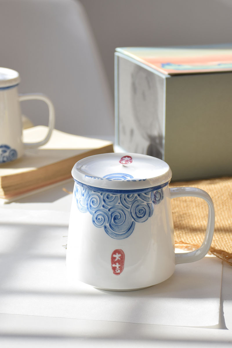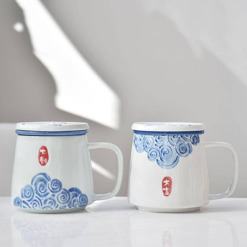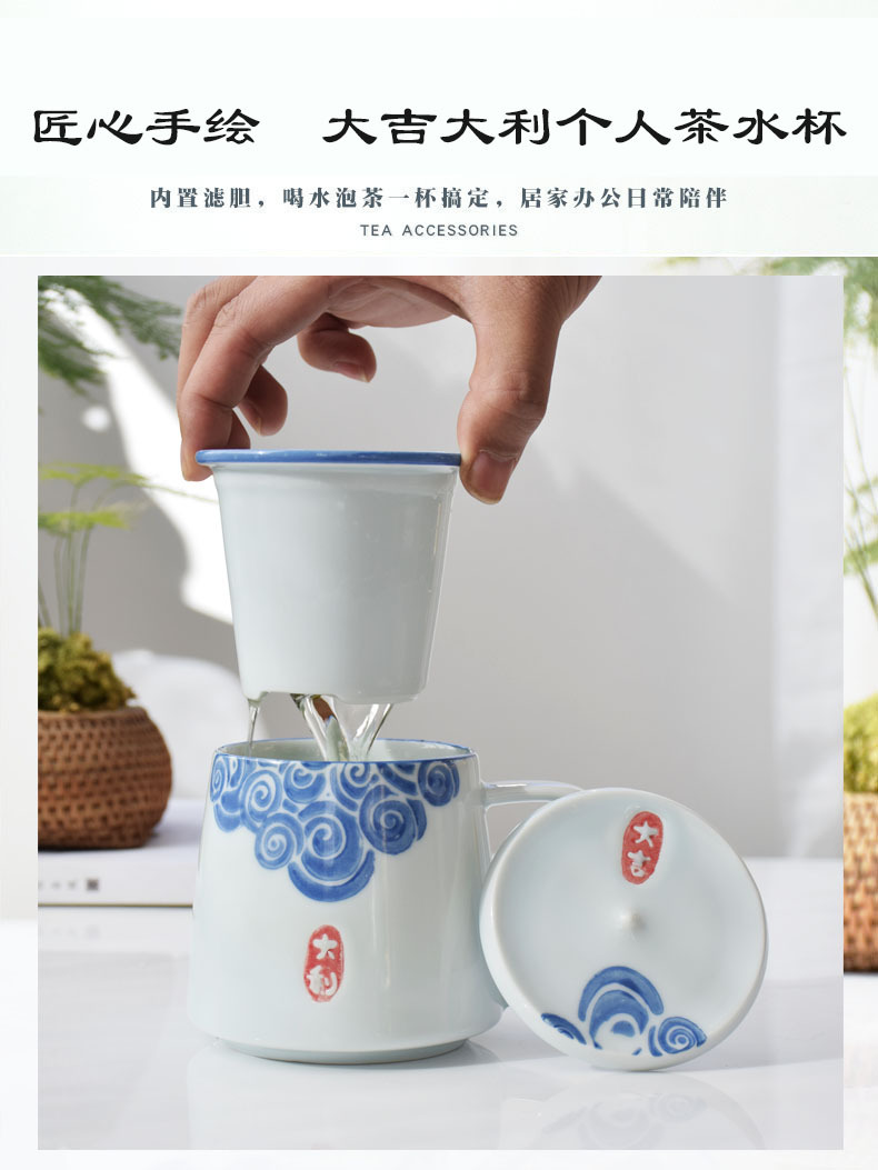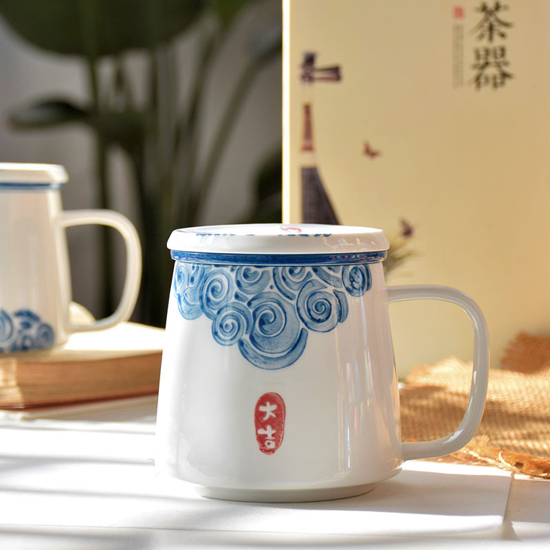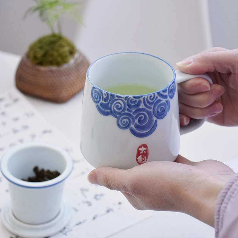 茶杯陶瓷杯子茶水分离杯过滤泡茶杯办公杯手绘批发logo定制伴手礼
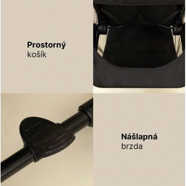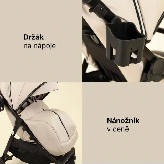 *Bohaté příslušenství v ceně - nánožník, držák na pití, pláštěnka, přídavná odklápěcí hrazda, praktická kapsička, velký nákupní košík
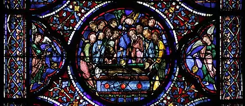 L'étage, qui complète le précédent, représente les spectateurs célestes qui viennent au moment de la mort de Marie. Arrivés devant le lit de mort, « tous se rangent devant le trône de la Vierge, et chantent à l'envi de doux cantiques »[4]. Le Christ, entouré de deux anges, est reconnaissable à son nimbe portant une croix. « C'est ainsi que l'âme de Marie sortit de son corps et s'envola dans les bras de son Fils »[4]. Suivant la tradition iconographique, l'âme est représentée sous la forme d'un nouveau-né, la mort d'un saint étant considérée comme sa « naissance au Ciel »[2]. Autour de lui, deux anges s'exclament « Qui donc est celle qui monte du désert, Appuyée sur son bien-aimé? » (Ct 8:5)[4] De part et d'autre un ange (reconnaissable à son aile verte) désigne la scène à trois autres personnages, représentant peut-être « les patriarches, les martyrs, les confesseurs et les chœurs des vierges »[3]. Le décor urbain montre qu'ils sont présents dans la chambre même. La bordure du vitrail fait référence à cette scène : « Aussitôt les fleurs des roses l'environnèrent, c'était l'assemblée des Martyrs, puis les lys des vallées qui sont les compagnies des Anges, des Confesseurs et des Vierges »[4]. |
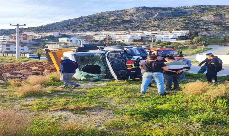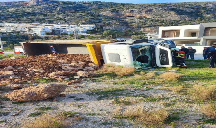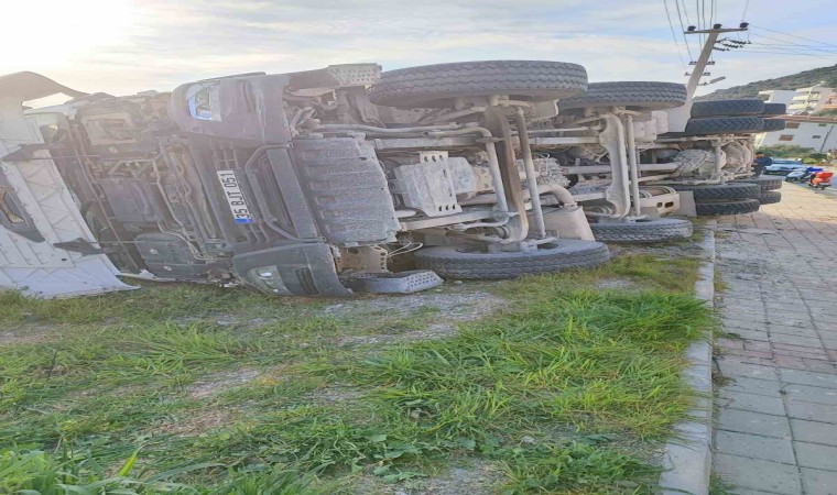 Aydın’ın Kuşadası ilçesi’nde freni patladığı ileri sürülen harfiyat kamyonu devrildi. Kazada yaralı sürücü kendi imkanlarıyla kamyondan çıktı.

ACTION ITEM:
The task calls for every line of the data to be returned exactly, without pictures.

FINISHED TASK:
 茶杯陶瓷杯子茶水分离杯过滤泡茶杯办公杯手绘批发logo定制伴手礼
 *Bohaté příslušenství v ceně - nánožník, držák na pití, pláštěnka, přídavná odklápěcí hrazda, praktická kapsička, velký nákupní košík
 L'étage, qui complète le précédent, représente les spectateurs célestes qui viennent au moment de la mort de Marie. Arrivés devant le lit de mort, « tous se rangent devant le trône de la Vierge, et chantent à l'envi de doux cantiques »[4]. Le Christ, entouré de deux anges, est reconnaissable à son nimbe portant une croix. « C'est ainsi que l'âme de Marie sortit de son corps et s'envola dans les bras de son Fils »[4]. Suivant la tradition iconographique, l'âme est représentée sous la forme d'un nouveau-né, la mort d'un saint étant considérée comme sa « naissance au Ciel »[2]. Autour de lui, deux anges s'exclament « Qui donc est celle qui monte du désert, Appuyée sur son bien-aimé? » (Ct 8:5)[4] De part et d'autre un ange (reconnaissable à son aile verte) désigne la scène à trois autres personnages, représentant peut-être « les patriarches, les martyrs, les confesseurs et les chœurs des vierges »[3]. Le décor urbain montre qu'ils sont présents dans la chambre même. La bordure du vitrail fait référence à cette scène : « Aussitôt les fleurs des roses l'environnèrent, c'était l'assemblée des Martyrs, puis les lys des vallées qui sont les compagnies des Anges, des Confesseurs et des Vierges »[4]. |
 Aydın’ın Kuşadası ilçesi’nde freni patladığı ileri sürülen harfiyat kamyonu devrildi. Kazada yaralı sürücü kendi imkanlarıyla kamyondan çıktı.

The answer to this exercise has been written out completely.